Ma secondo tutti gli esami eseguiti fino alla mattinata di oggi, sabato 28 gennaio, si tratterebbe di un falso allarme. L’ufficialità arriva dal direttore sanitario dell’Asl di Brindisi, Antonino La Spada, contattato telefonicamente da BrinisiReport. La risposta definitiva sul caso giungerà nei prossimi giorni quando saranno eseguiti ulteriori approfondimenti diagnostici.

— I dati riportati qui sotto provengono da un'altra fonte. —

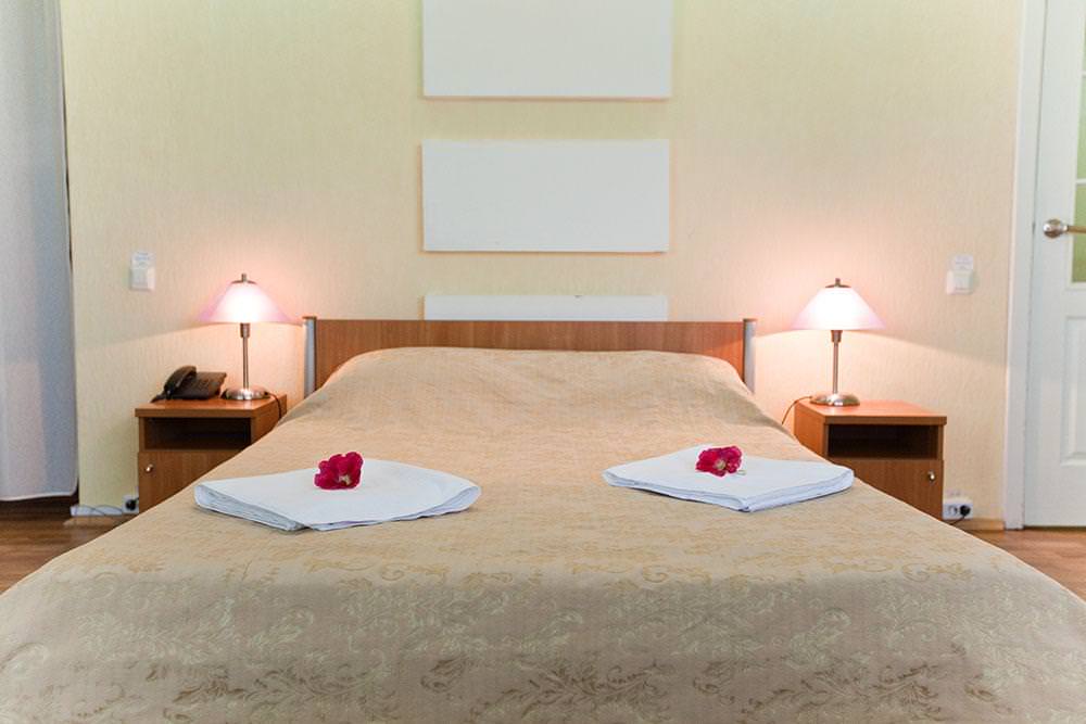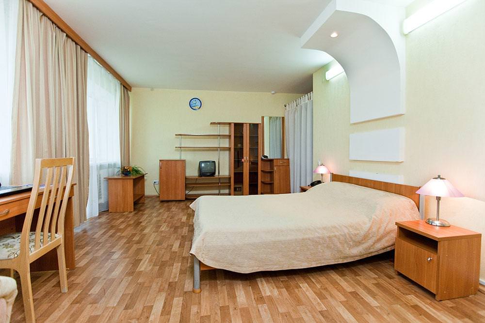 Площадь номера - 23,5 кв.м. В номера: 2-спальная кровать, диван, журнальный стол, ТВ, сейф, письменный стол, холодильник, стенка для посуды, телефон, гардероб, кондиционер, балкон. Номер оборудован электронным замком. В ванной комнате: совмещенные душевая кабина и санузел.

Come si legge sul sito del Ministero della Salute, va ricordato che la malattia può essere virale, batterica o causata da funghi. La forma virale, detta anche meningite asettica, è quella più comune: di solito non ha conseguenze gravi e si risolve nell’arco di 7-10 giorni. Un caso simile si è verificato nel Brindisino nei giorni scorsi: ha colpito un 14enne di Pezze di Greco (Fa). La forma batterica, invece, è più rara ma estremamente più seria, e può avere conseguenze fatali. Il periodo di incubazione della malattia può variare a seconda del microorganismo causale. Nel caso della meningite virale va dai 3 ai 6 giorni, per la forma batterica dai 2 ai 10 giorni. L'infezione si trasmette attraverso il contatto con le secrezioni orali o le goccioline di saliva. La malattia è contagiosa solo durante la fase acuta dei sintomi e nei giorni immediatamente precedenti l’esordio. Come ha comunicato l’Asl nei giorni scorsi attraverso una nota stampa, in Puglia non c’è alcuna emergenza e nel Brindisino non si sono verificati casi di meningite.